* **Exercise**:
Output the listing below verbatim, but drop the images.
*** Input data Section Begins ***
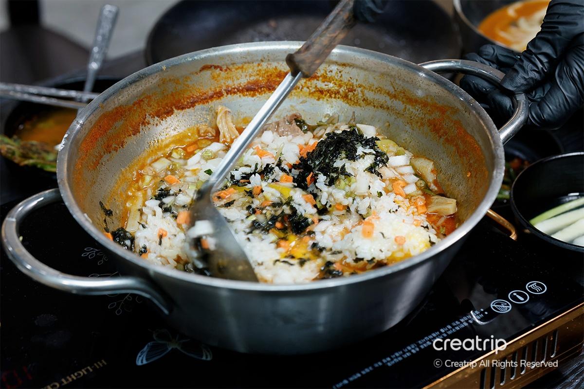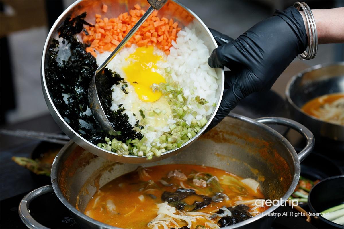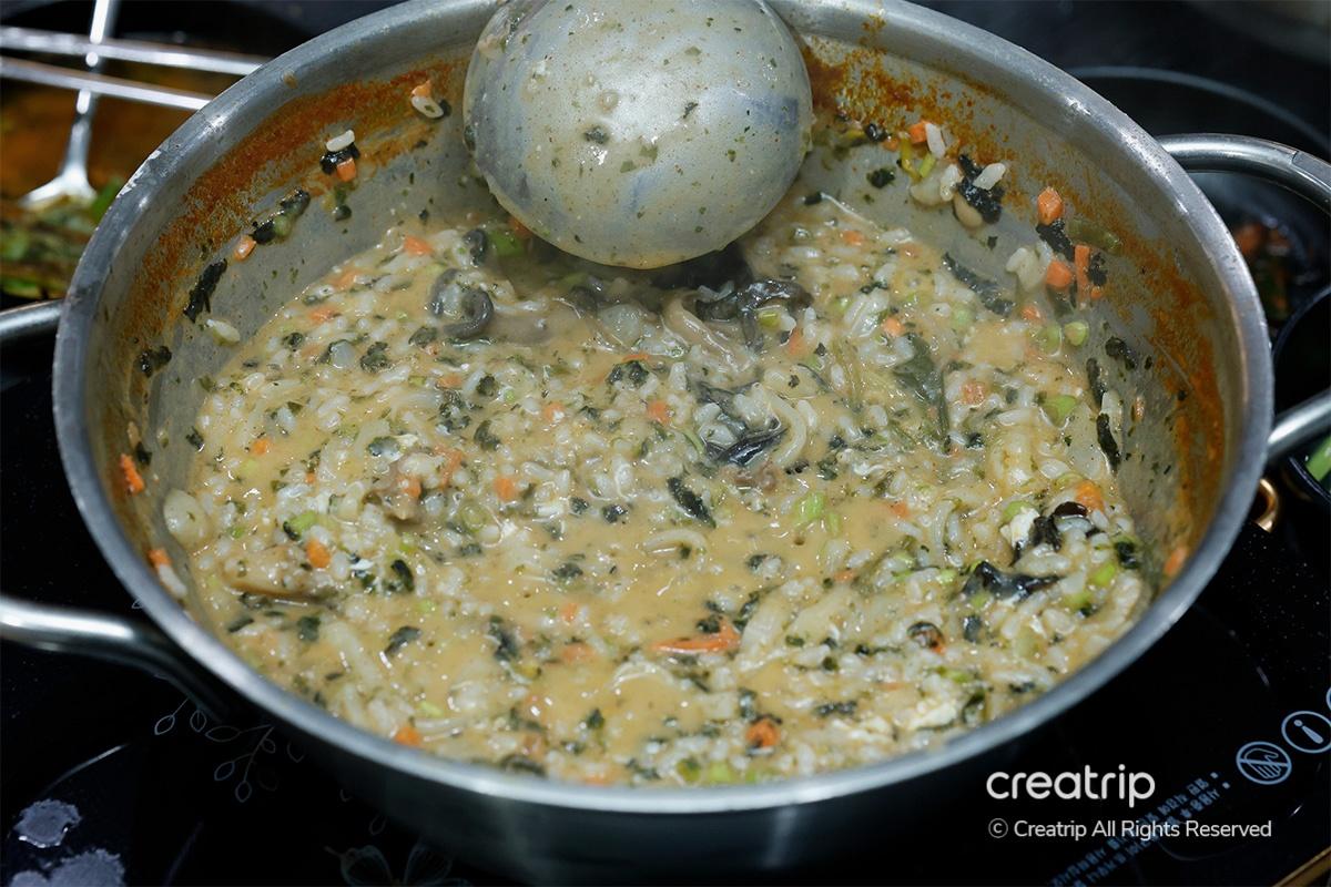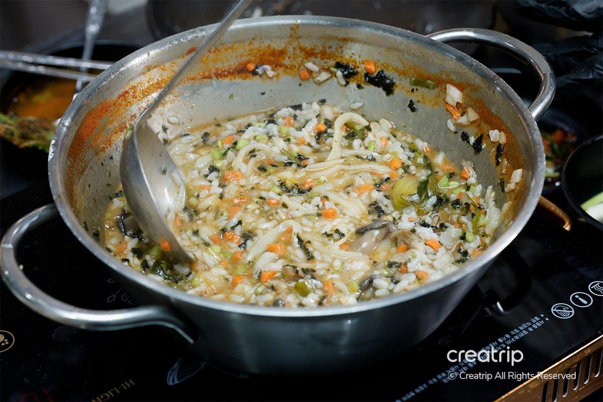 En Corea, después de terminar el shabu-shabu, es esencial hacer una papilla cocinando lentamente arroz, huevo y copos de alga en el caldo rico infusionado con carne y verduras.
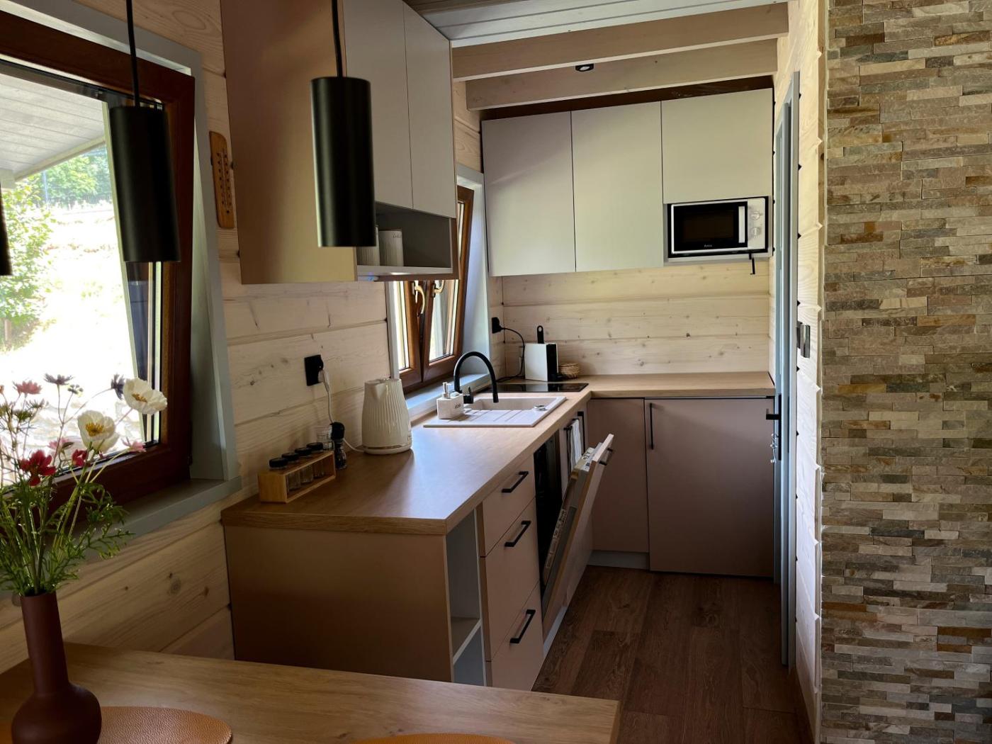 Domek. The fireplace is a top feature of this chalet. Boasting a private entrance, this air-conditioned chalet comes with 1 living room, 2 separate bedrooms and 1 bathroom with a bath or a shower and a hairdryer. Guests will find a stovetop, a refrigerator, a dishwasher and kitchenware in the well-equipped kitchen. The chalet also includes a barbecue. Featuring a terrace with garden views, this chalet also features a tea and coffee maker and a flat-screen TV with streaming services. The unit has 4 beds. Domek - 6 osobowy. Powierzchnia pokoju ok.: 60 mkw.
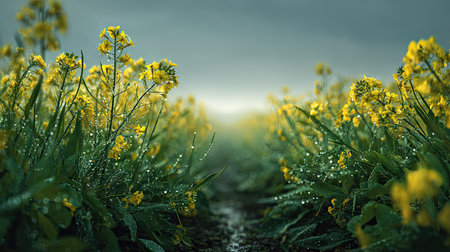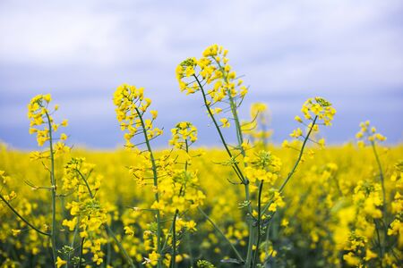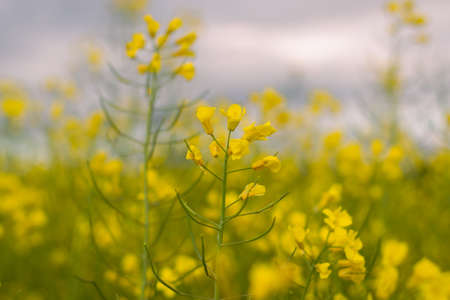 Close-up view of rapeseed flowers field in rainy day with cloudy sky. Natural background.
*** Input data Section Ends ***
* **Exercise solution**:
 En Corea, después de terminar el shabu-shabu, es esencial hacer una papilla cocinando lentamente arroz, huevo y copos de alga en el caldo rico infusionado con carne y verduras.
 Domek. The fireplace is a top feature of this chalet. Boasting a private entrance, this air-conditioned chalet comes with 1 living room, 2 separate bedrooms and 1 bathroom with a bath or a shower and a hairdryer. Guests will find a stovetop, a refrigerator, a dishwasher and kitchenware in the well-equipped kitchen. The chalet also includes a barbecue. Featuring a terrace with garden views, this chalet also features a tea and coffee maker and a flat-screen TV with streaming services. The unit has 4 beds. Domek - 6 osobowy. Powierzchnia pokoju ok.: 60 mkw.
 Close-up view of rapeseed flowers field in rainy day with cloudy sky. Natural background.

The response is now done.